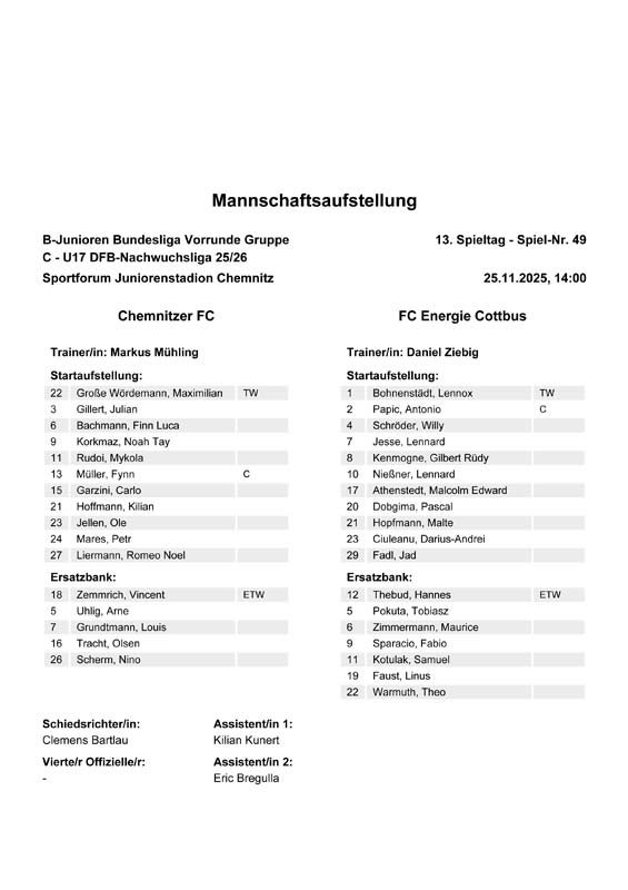 | Aufstellung Chemnitzer FC B-Junioren |
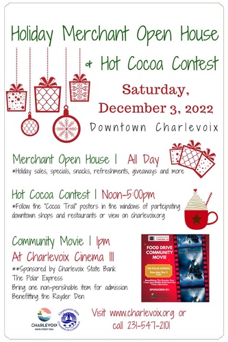 Warm up as you sample delicious cocoa creations from participating businesses. Vote for your favorite and help crown Charlevoix’s Best Hot Cocoa! Check back for the Cocoa Trail.
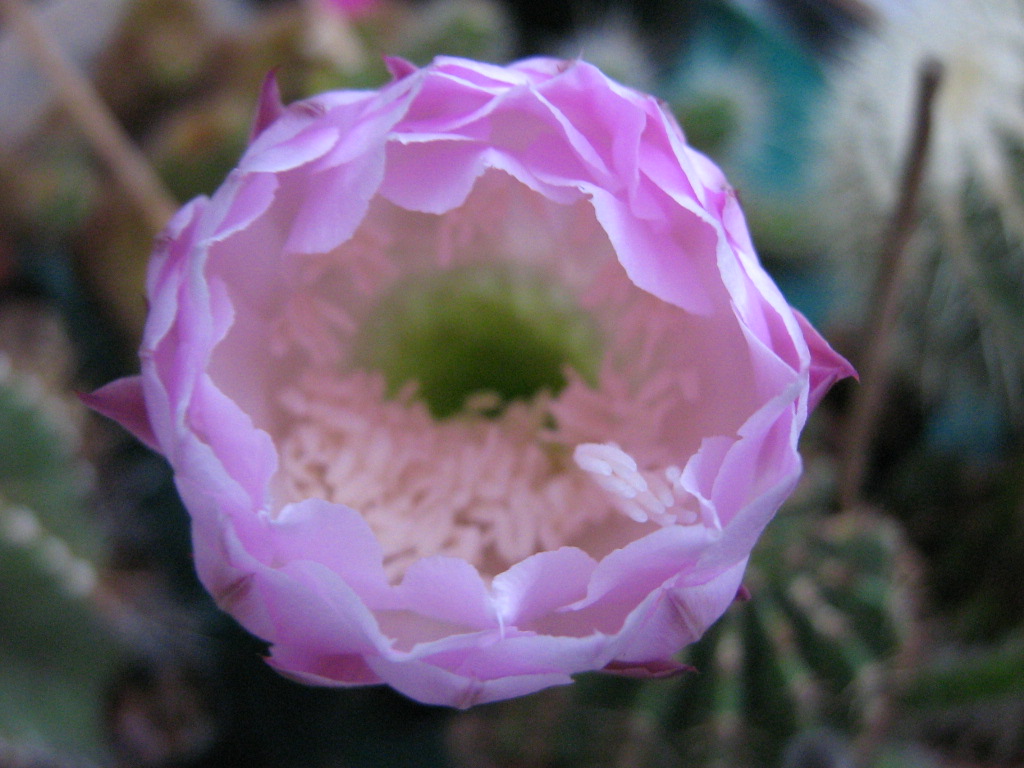 http://www.ferokaktus.de/andere/subdenudata01.jpg sieht die ursprüngliche Pflanze (Echinopsis subdenudata) aus. Durch Hybridisierung wurden die Puschel (Glochiden) etwas ausgeprägter und die Rippen etwas runder. Ob das Auswirkungen auf die Blüten hatte, muss man abwarten.
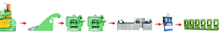 This is rubber compounding line set of machine consisting mixer, elevator, mixing mill, whirlwind barrel, vibrating conveyor and horizontal mixer. This is the process layout for rubber compounding to produce rubber compounding material to make rubber shoes. This specification and sizes may differ upon the volume and quantity of production.
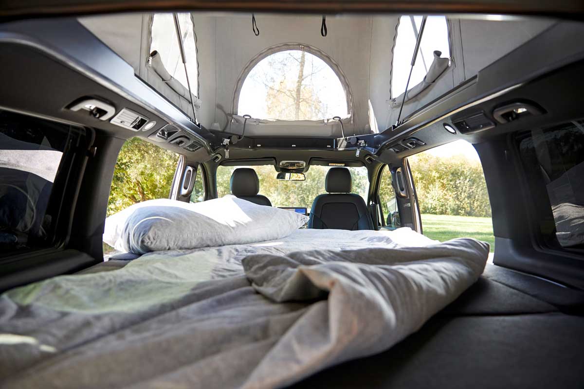 With the optionally available three-person bench seat/berth, the EQV also already meets basic camping requirements ex-factory.

(Exercise instructions):
Copy the entries above faithfully and omit every image.

(Finished task):
 | Aufstellung Chemnitzer FC B-Junioren |
 Warm up as you sample delicious cocoa creations from participating businesses. Vote for your favorite and help crown Charlevoix’s Best Hot Cocoa! Check back for the Cocoa Trail.
 http://www.ferokaktus.de/andere/subdenudata01.jpg sieht die ursprüngliche Pflanze (Echinopsis subdenudata) aus. Durch Hybridisierung wurden die Puschel (Glochiden) etwas ausgeprägter und die Rippen etwas runder. Ob das Auswirkungen auf die Blüten hatte, muss man abwarten.
 This is rubber compounding line set of machine consisting mixer, elevator, mixing mill, whirlwind barrel, vibrating conveyor and horizontal mixer. This is the process layout for rubber compounding to produce rubber compounding material to make rubber shoes. This specification and sizes may differ upon the volume and quantity of production.
 With the optionally available three-person bench seat/berth, the EQV also already meets basic camping requirements ex-factory.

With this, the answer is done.